A brief note about twins in African and Haitian society.  The word “twin”  does not only mean a double birth, but any abnormal birth.  Children with extra digits, for example are considered twins because it’s believed one twin ate the other.  But also breech births, babies born with hair, babies born with teeth, babies born wrapped with umbilical cord, babies born in the caul, hunchbacks, hydrocephalic, and babies with dwarfism are all considered twins, and therefore special, having a deeper connection with the spirit world.  This is echoed in some hoodoo and conjure beliefs that set people with unique birthmarks or unique birth circumstances apart as spiritually gifted.  Indeed, those with abnormal births are sometimes quite literally closer to the underwater world of the afterlife, due to their bodies’ tenuous hold on earthly existence.
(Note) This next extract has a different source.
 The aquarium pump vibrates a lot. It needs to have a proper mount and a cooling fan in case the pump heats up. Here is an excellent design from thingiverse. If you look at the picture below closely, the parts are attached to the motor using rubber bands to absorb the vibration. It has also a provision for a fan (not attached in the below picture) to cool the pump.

(For a fascinating film about the musician and mystic Genesis P. Orridge traveling to Africa to engage in a twin ceremony to connect with their deceased lover Lady Jaye, check out The Bight of the Twin. I have only been able to access the full documentary through subscribing to The Satanic Temple TV streaming service. Definitely worth the $6.66 per month.)


In Africa, in extreme cases, children with unsustainable physical abnormalities are set by the water to die, and then join a category of powerful ancestral spirits called Kings of the Waters.  They are served not only by immediate family but generations of descendants.  So again, echoing that horizontal and vertical axis, we have the ones under the water interacting with those who live on the other side of the mirror, another twinning of family.
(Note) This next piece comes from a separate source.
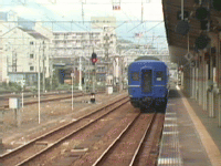 大淀川を渡ると、終着南宮崎だ。13:31定刻到着。鉄道ファン数人が降り立つ。 |

Let’s now explore the syncretization, or the twinning of African and Catholic elements, such as iconography and liturgical calendar, when it comes to the Marasa in Vodou.


The Catholic image of Saints Cosmas and Damian is used to represent the Marasa De, or the Two Marasa.  These martyrs were twin brothers who practiced surgery and medicine without charging a fee, emphasizing both the mirroring of the Marasa and their role as healers, not only of the rift between opposites, but all health conditions.



Catholic prayer cards of Cosmas and Damien, twin adolescent boys in robes

The image of the three central virtues of Christianity in the form of three girls— Faith, Hope, and Charity— is sometimes used to represent the Marasa Twa or Three Marasa, aka the Marasa Dosou.



three little girls representing the three Catholic virtures
Traditional image of the three virtues

a beaded flag of the Marasa 3 by Myrlande Constant
A sequined flag of the Marasa 3 by Myrlande Constant, 1995, based on the three virtues.

In Vodou, there are almost always multiple manifestations of principle Lwa.  In the case of the Marasa, we not only have Marasa De and Marisa Twa, but Marasa that share the same gender and Marasa who are different genders.


The Marasa that are seen as male and female are said to be a reflection of that ancient West African double deity Mawu-Lisa.  The male of this pair is sometimes represented by Saint Nicholas, both for his solar aspect and the fact that he’s associated with children, and the female by Saint Clare for her lunar appearance.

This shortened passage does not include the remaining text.